>>>>>

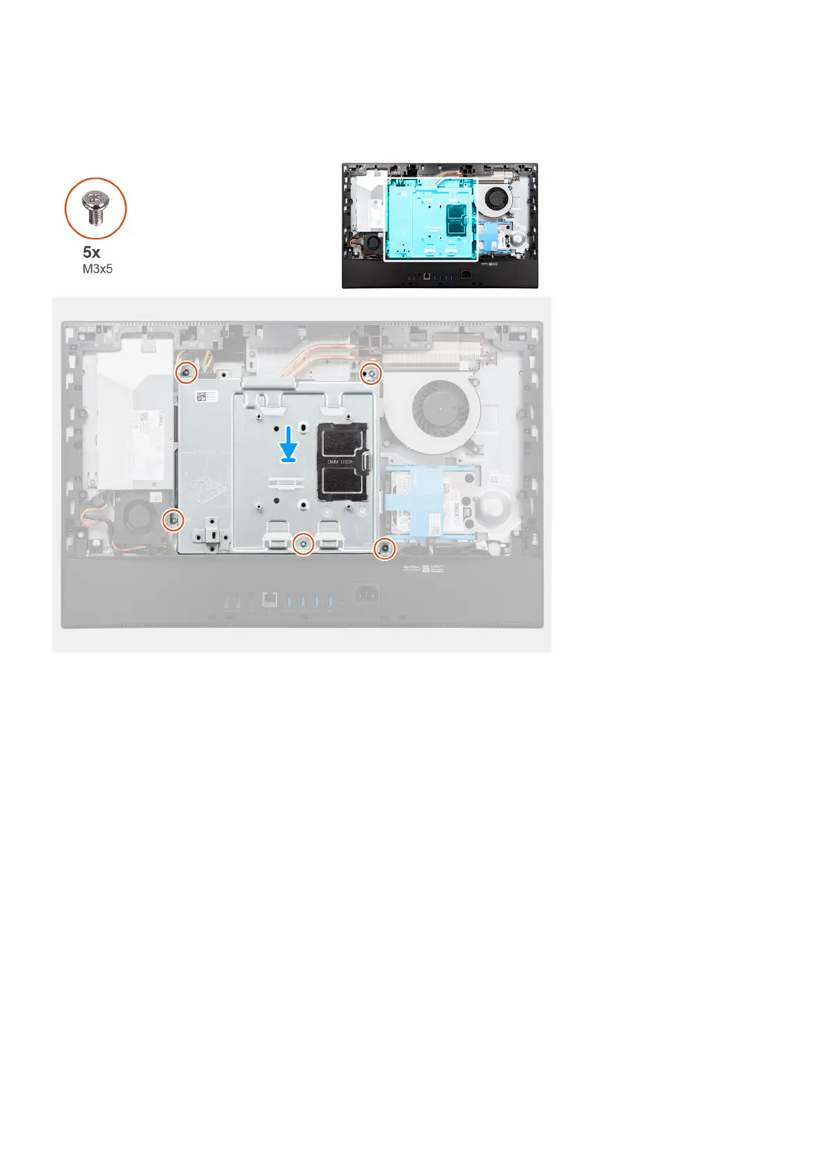 2. Replace the five screws (M3x5) to secure the system-board shield to the display-assembly base.
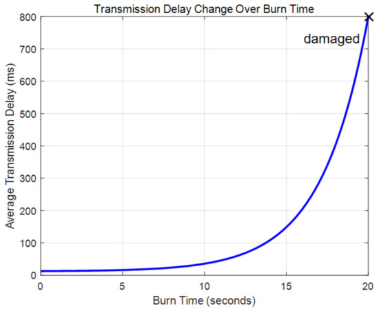 Figure 22. In addition, we added the influence of abnormal temperature to this ZigBee wireless sensor network model. We chose a temperature of 60 degrees Celsius, and the transmission delay of the sensor quickly increased to more than 500 ms. The simulation results are shown in
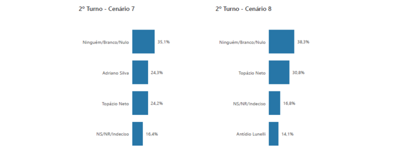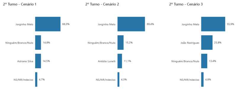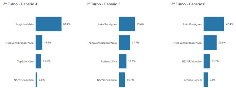 No cenário estimulado em que aparecem Jorginho e João Rodrigues, o governador tem 48,7% e o prefeito aparece com 22,1%. No segundo cenário, o Topázio Neto (PSD) é o nome do PSD, alcançado 10%.
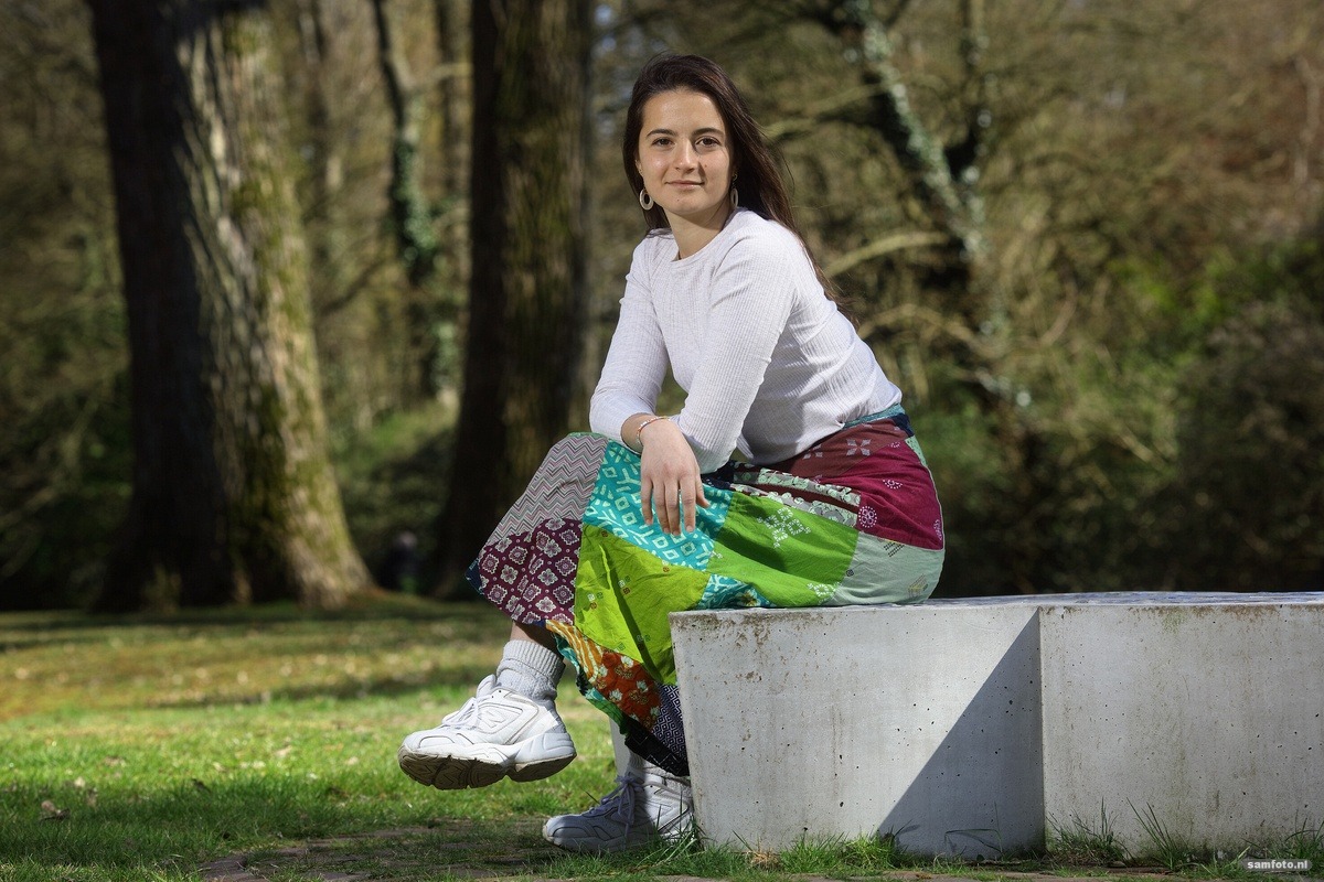Sofia Ghigliani zit op een bankje en kijkt in de camera
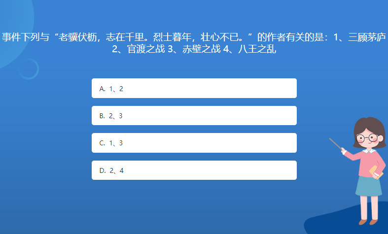 科普星空体育官网入口网站問答:事件下列與“老驥伏櫪,誌在千裏。烈士暮年,壯心不已。”的作者有關的是:1、三顧茅廬 2、官渡之戰 3、赤壁之戰 4、八王之亂
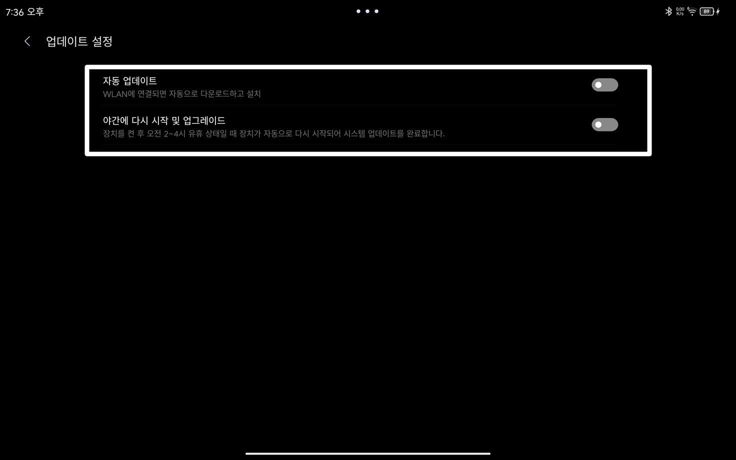 태블릿을 처음 부팅하고 초기 설정을 진행하는 단계에서 업데이트 설정 안내가 나옵니다.
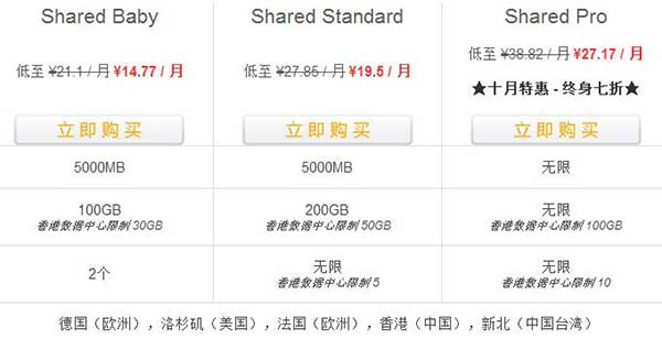 然後你(nǐ)可(kě)以看(kàn)到有三個套餐,分(fēn)别是baby,standard和pro,價格如(rú)下:
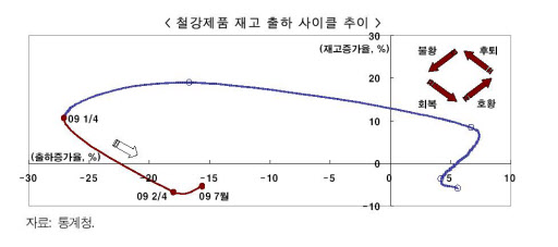 또한, 보고서는 올해 1분기 이후 재고 증감률과 출하 증감률이 모두 하락하는 경기 회복 국면의 모습을 보이고 있다고 밝혔다.
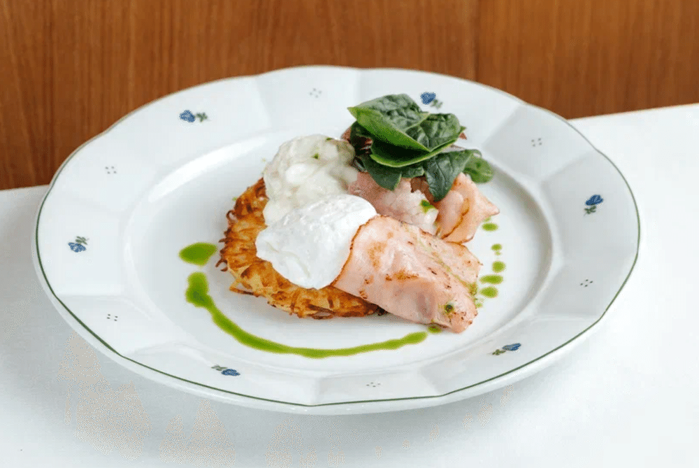 Драник (картофель, яйцо куриное, мука пшеничная, лук-шалот, масло растительное, соль, специи), салатный микс (шпинат свежий и радичио свежие), страчателла, яйцо пашот, обжаренный тамбовский окорок, зелёное масло
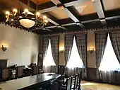 The Dukes' Hall is located in front of the Great Hall. It reused furniture and chandeliers from the old club building.[3] It is dedicated to the Grand Dukes of Lithuania and King Mindaugas. Their full-length portraits were completed in 1937 by Petras Kalpokas. After World War II, the paintings were missing for many years. They were unexpectedly found in the Vytautas the Great War Museum – removed from the frames and rolled up they were inventoried as "unknown paintings of dukes".[7] The paintings depict King Mindaugas, Grand Dukes Vytenis, Kęstutis, Gediminas (father of the Gediminids dynasty), Algirdas, and Vytautas the Great. The painting of Gediminas was severely damaged, and it is believed that Soviet soldiers used it to play darts.[6]
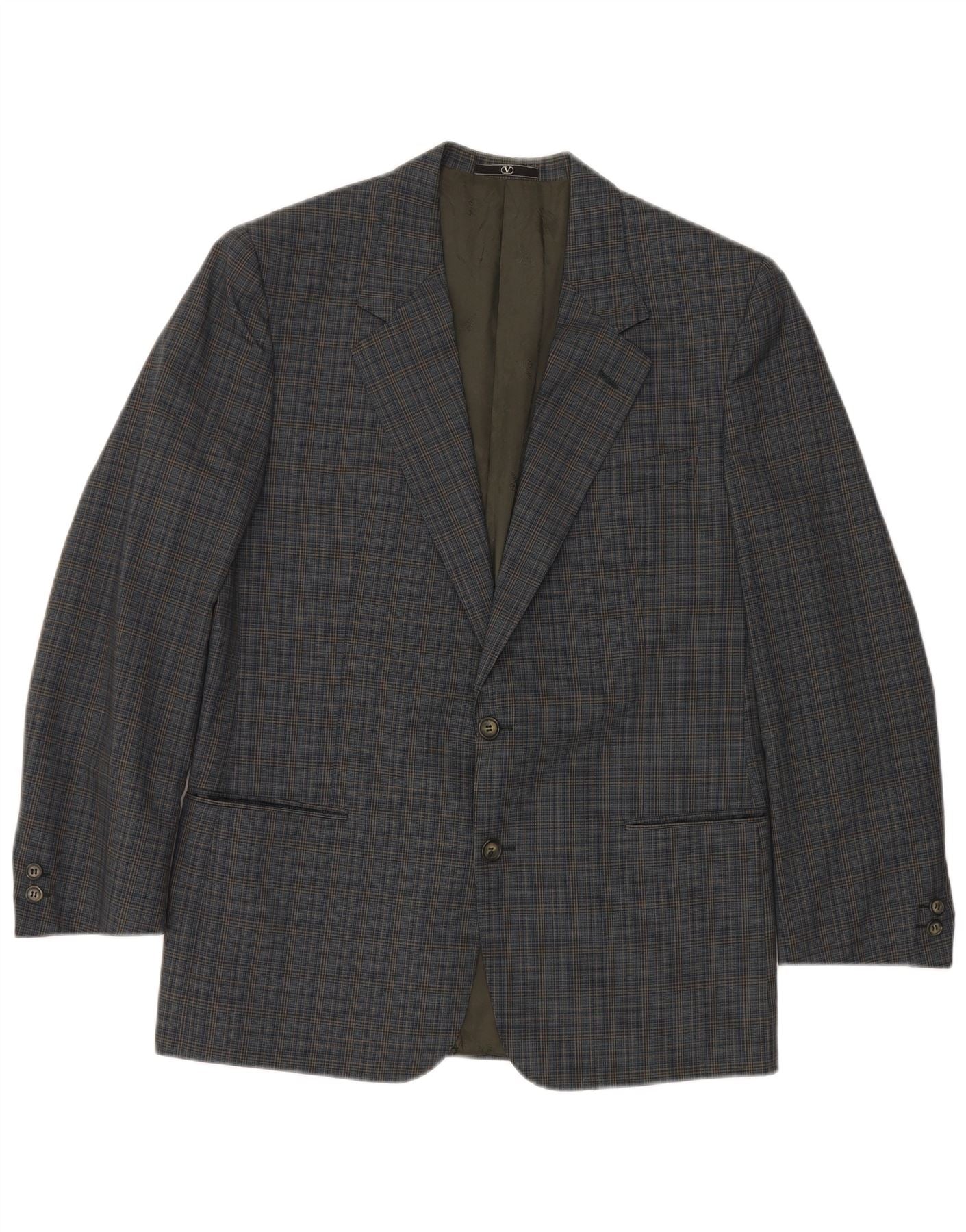 VALENTINO Mens 2 Button Blazer Jacket IT 50 Large Blue Check Viscose

<<<<<

BRIEF:
Go through the records above and write out every line exactly, passing over the pictures.

ANSWER SECTION:
 2. Replace the five screws (M3x5) to secure the system-board shield to the display-assembly base.
 Figure 22. In addition, we added the influence of abnormal temperature to this ZigBee wireless sensor network model. We chose a temperature of 60 degrees Celsius, and the transmission delay of the sensor quickly increased to more than 500 ms. The simulation results are shown in
 No cenário estimulado em que aparecem Jorginho e João Rodrigues, o governador tem 48,7% e o prefeito aparece com 22,1%. No segundo cenário, o Topázio Neto (PSD) é o nome do PSD, alcançado 10%.
Sofia Ghigliani zit op een bankje en kijkt in de camera
 科普星空体育官网入口网站問答:事件下列與“老驥伏櫪,誌在千裏。烈士暮年,壯心不已。”的作者有關的是:1、三顧茅廬 2、官渡之戰 3、赤壁之戰 4、八王之亂
 태블릿을 처음 부팅하고 초기 설정을 진행하는 단계에서 업데이트 설정 안내가 나옵니다.
 然後你(nǐ)可(kě)以看(kàn)到有三個套餐,分(fēn)别是baby,standard和pro,價格如(rú)下:
 또한, 보고서는 올해 1분기 이후 재고 증감률과 출하 증감률이 모두 하락하는 경기 회복 국면의 모습을 보이고 있다고 밝혔다.
 Драник (картофель, яйцо куриное, мука пшеничная, лук-шалот, масло растительное, соль, специи), салатный микс (шпинат свежий и радичио свежие), страчателла, яйцо пашот, обжаренный тамбовский окорок, зелёное масло
 The Dukes' Hall is located in front of the Great Hall. It reused furniture and chandeliers from the old club building.[3] It is dedicated to the Grand Dukes of Lithuania and King Mindaugas. Their full-length portraits were completed in 1937 by Petras Kalpokas. After World War II, the paintings were missing for many years. They were unexpectedly found in the Vytautas the Great War Museum – removed from the frames and rolled up they were inventoried as "unknown paintings of dukes".[7] The paintings depict King Mindaugas, Grand Dukes Vytenis, Kęstutis, Gediminas (father of the Gediminids dynasty), Algirdas, and Vytautas the Great. The painting of Gediminas was severely damaged, and it is believed that Soviet soldiers used it to play darts.[6]
 VALENTINO Mens 2 Button Blazer Jacket IT 50 Large Blue Check Viscose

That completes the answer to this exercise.